DETAILED DESCRIPTION
[0028] The present specification provides certain definitions and
methods to better define the embodiments and aspects of the
invention and to guide those of ordinary skill in the art in the
practice of its fabrication. Provision, or lack of the provision,
of a definition for a particular term or phrase is not meant to
imply any particular importance, or lack thereof; rather, and
unless otherwise noted, terms are to be understood according to
conventional usage by those of ordinary skill in the relevant
art.
[0029] Unless defined otherwise, technical and scientific terms
used herein have the same meaning as is commonly understood by one
of skill in the art to which this invention belongs. The terms
"first", "second", and the like, as used herein do not denote any
order, quantity, or importance, but rather are used to distinguish
one element from another. Also, the terms "a" and "an" do not
denote a limitation of quantity, but rather denote the presence of
at least one of the referenced item, and the terms "front", "back",
"bottom", and/or "top", unless otherwise noted, are merely used for
convenience of description, and are not limited to any one position
or spatial orientation. If ranges are disclosed, the endpoints of
all ranges directed to the same component or property are inclusive
and independently combinable (e.g., ranges of "up to about 25 wt.

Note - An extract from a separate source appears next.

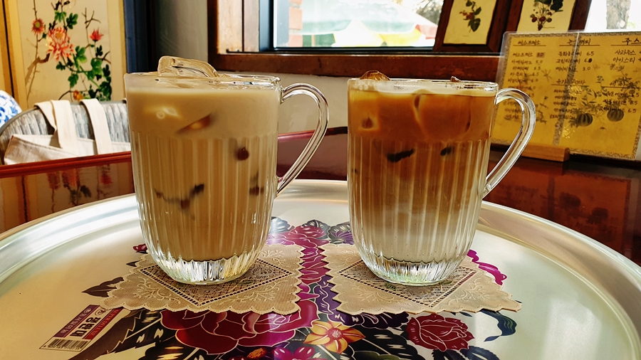 5월인데 벌써 여름같다. 밖의 온도는 33도... 정말 지구가 뜨거워지고 있다. 선풍기 바람만으로도 여름을 지낼 수 있던 때가 그립다. 낮의 열기가 뜨거워 결국 아이스 커피이다. 그런데 진동벨이 울리고 가보니, 새참 먹는 것도 아닌데, 옛날 쟁반에 주신다. 이런건 어디선 난거야 했는데, 카페에서 나온 후 장을 보러 롯데마트에 갔는데 거기에 똑같은 걸 팔고 있네 ㅋㅋ 커피는 생각보다는 평범한 편이다. 커피보다는 밀크티가 더 괜찮은 것 같다. 커피는 맛이 있다고는 하기그런데, 마실만하다. 그런데 커피 맛보다 분위기가 주는 맛이 더 강렬해 후에 또 들리게 될 것 같다.

%, or, more specifically, about 5 wt. % to about 20 wt. %," is
inclusive of the endpoints and all intermediate values of the
ranges of "about 5 wt. % to about 25 wt. %," etc.).
[0030] The modifier "about" used in connection with a quantity is
inclusive of the stated value and has the meaning dictated by the
context (e.g., includes the degree of error associated with
measurement of the particular quantity). Reference throughout the
specification to "one embodiment", "another embodiment", "an
embodiment", and so forth, means that a particular element (e.g.,
feature, structure, and/or characteristic) described in connection
with the embodiment is included in at least one embodiment
described herein, and may or may not be present in other
embodiments. In addition, it is to be understood that the described
inventive features may be combined in any suitable manner in the
various embodiments.
[0031] A phase-contrast imaging (PCI) system 100 illustrated in
FIG. 4 includes an X-ray source which transmits X-rays, potentially
through an absorbing grating 30 to an object 20. After propagating
through the object 20, the X-rays extend through non-absorbing or
absorbing central grating 35 and potentially through absorbing
grating 40 to X-ray detector 25. Alternatively, the non-absorbing
grating 35 may be located between the X-ray source and the object
20.
[0032] The X-ray source of PCI system 100 includes an array 110 of
X-ray focal spots or emitters. The X-ray spots can be of any type
of X-ray emitting device, including but not limited to X-rays
generated from electron beams provided by tungsten filaments,
cold-cathode emission devices, field emitters, and carbon
nanotubes, comprising both reflection or transmission sources. In
one embodiment of a PCI system 100 for use in mammography
operations, the individual emitters in the array 110 may have a
width of about 0.3 millimeters. In one embodiment, the pitch
between emitters is approximately 1.3 centimeters. For a linear
array of 12 emitters having an individual emitter size of 0.3
centimeters and a distance of 1.3 centimeters between spots
provides a field-of-view of approximately 20 cm at the array
110.
[0033] In one embodiment, the array 110 has a first set of X-ray
focal spots 112 interleaved with a second set of X-ray focal spots
114. Each set 112 includes 112a to 112n number of X-ray focal
spots. The X-ray focal spots 112a through 112n emit, respectively,
X-rays 117a through 117n. Each set 114 includes 114a to 114n number
of X-ray focal spots. The X-ray focal spots 114a through 114n emit,
respectively, X-rays 119a through 119n. It should be understood
that the X-ray flux of each individual focal spot can be varied
individually, i.e. different spots of the same set of focal spots
can be operated to provide different X-ray intensities on portions
of object 20. This allows adaptation of the emitted radiation to
the patient, thereby achieving optimal image quality at the lowest
possible patient dose. Moreover, individual X-ray focal spots 112a
to 112n, or 114a to 114n, may be operated simultaneously, or they
may be operated sequentially. Both sets of X-ray focal spots are
identified in FIG. 4. This is only one possible embodiment; two or
more subsets of X-ray focal spots may be identified.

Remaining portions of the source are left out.